Vísperas de 21 de agosto. Víspera de otro aniversario más de muerte y rapiña. Víspera del recuerdo de la larga noche de cuchillos largos, de cristales rotos, de las muchas víctimas y de los muchos llantos.
¡Qué extraños recovecos tiene la vida que se hunden en misterios indescifrables! El sol se había ocultado hacía rato cuando detuvieron a aquel hombre, a aquel anciano. Desordenada la vestimenta. Desprolijo. La mirada perdida, la boca en una mueca, los cabellos escasos, las manos casi ocultas. Al menos así lo mostraron las fotografías, las imágenes de los telepoliciales. Escondido bajo la gorra caída, sin estrellas.
Decían que estaba drogado, que era un dependiente de cocaína, que escondía blancas líneas en cajas de cigarros raros. Perdida la conciencia, embotada la memoria, sin reacciones coordinadas. Dijeron los otros que era el protagonista de actos obscenos contra menores de edad; también contaron que delirante invitó a pasar a su auto a asustadas niñas, quién sabe con qué fines. Noticia de un par de días.
A miles de kilómetros de Santa Cruz de la Sierra, una joven, de similar edad de la última hija de ese anciano, daba testimonio en un nuevo juicio contra los torturadores y probables asesinos de su madre en una historia que nunca acaba y que empezó entre Oruro y La Paz en 1976.
Carlita Rutilo Artes, así lo informó “El Deber”, reconoció a uno de los represores que fue cómplice de su padre adoptivo, el mismo que a la vez había participado en la guerra sucia argentina.

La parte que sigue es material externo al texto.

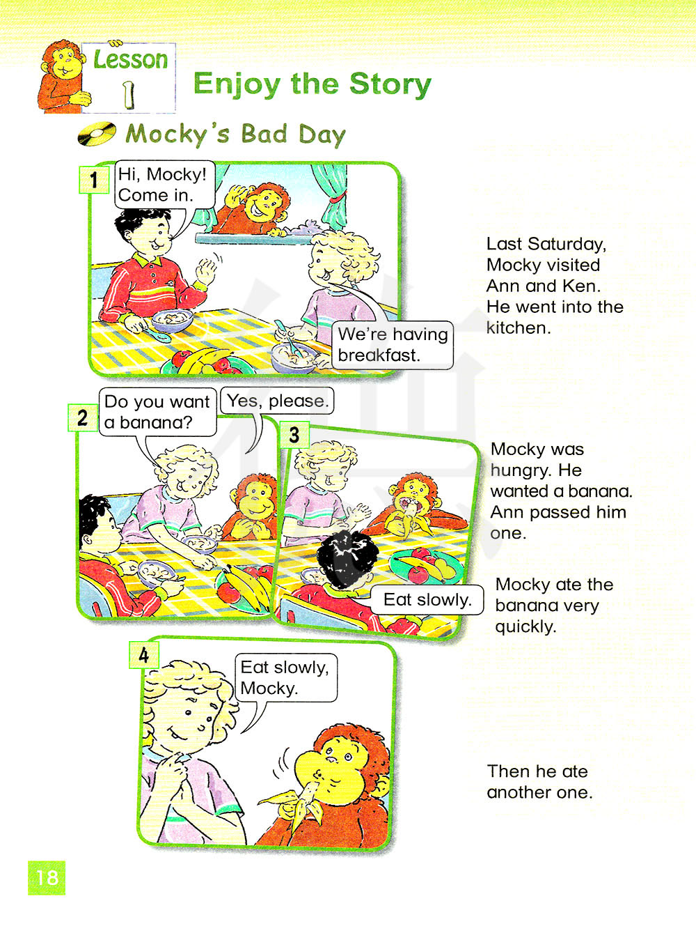 莫奇很饿。他想要一根香蕉。安递给他了一根。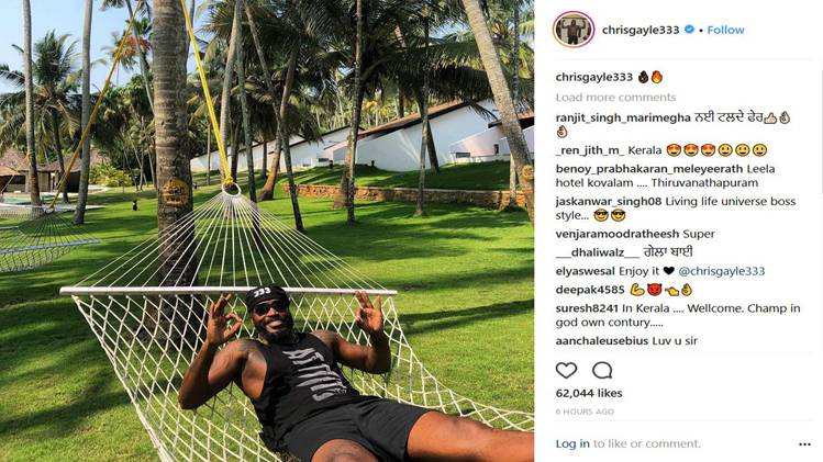 क्रिस गेल ने हाल ही में अपने इंस्टाग्राम अकाउंट पर एक तस्वीर पोस्ट की है, जिसमें वह अपनी पत्नी और बेटी के साथ केरल में छुट्टियां मनाते हुए नजर आ रहे हैं. अपनी इस पोस्ट को कैप्शन देते हुए गेल लिखते हैं, 'यह वास्तव में अच्छा है, जब आपके प्रियजन हमेशा आपके आस-पास हो, '#किंग्स गेल इन केरल.'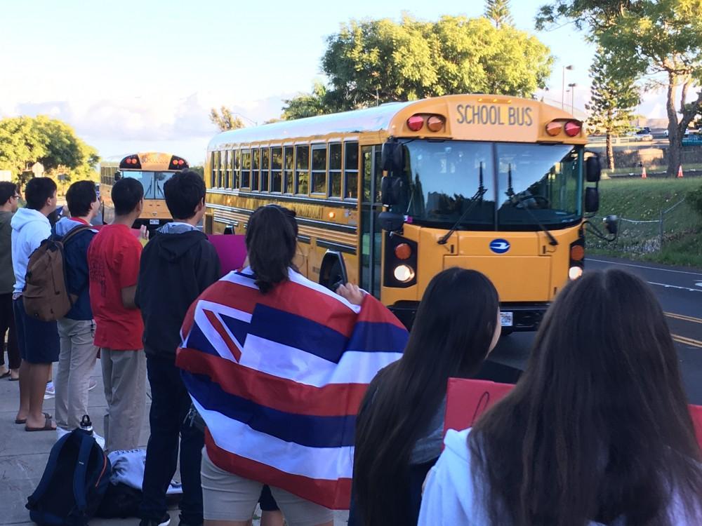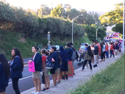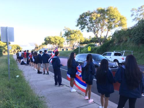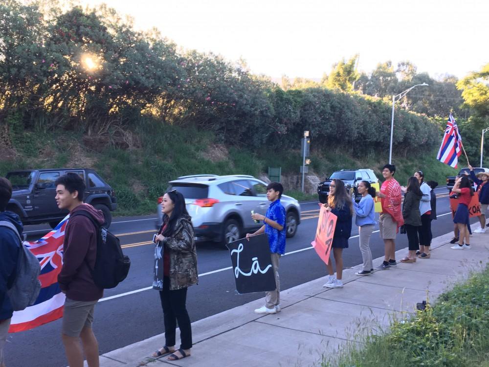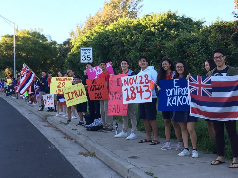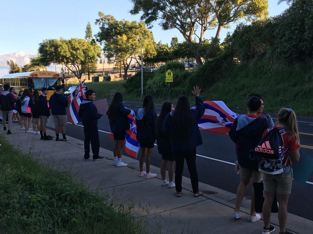 KS haumāna wave signs to passing cars for the 174th Lā Kūʻokoʻa, Independence Day.

El hombre que la anotó como hija propia después de asesinar a Graciela Rutilo, en una serie de esa película de espanto que se llamó “Operación Cóndor”.
Carlita fue apresada cuando sólo tenía nueve meses por orden de Juan Pereda Asbún, hoy narcodependiente. Él ordenó su ingresó como bebé NN en el Hogar Virgen de Fátima y aceptó la tortura psicológica de Graciela con el testimonio de llanto y de hambre de la guaguita. Cuatro meses de asedio para que Graciela delate a sus amigos, mientras su compañero y padre de Carlita, Lucas, caía en Cochabamba. Graciela era de origen argentino y no hubo familiares para rescatar a la bebé, como consiguieron otras madres presas políticas. Dentro del plan de represión regional, fue entregada a la gendarmería gaucha junto a su hijita. Es una de la 30 mil desparecidas entre 1973 y 1983. La hijita fue adoptada por el propio represor, E. Ruffo.
La valentía de una trabajadora social, Fanny Delaine, que osada sacó una foto a la beba y anotó sus datos, salvó a Carlita cuando años más tarde se pudo recuperar a los hijos de presos detenidos desaparecidos.
Después de la búsqueda de la abuela, Matilde Artés, que parece historia de ficción, Carla fue recuperada por la familia de sangre. Sobreviviente del hogar de huérfanos, de la represión, de la ilegal adopción, de los golpes que la volvieron semisorda, de la herida incurable de vivir 14 años como falsa Gina. Años de procesos, de dar testimonio, de intentar reconstruir su vida.
El Estado boliviano le debe legalmente un resarcimiento económico. Pasan los meses, los años, y no se paga esa indemnización. Igual que se ha dejado esperar a decenas de víctimas, de familiares de desaparecidos. Ni siquiera con el gobierno actual. Recovecos de la vida.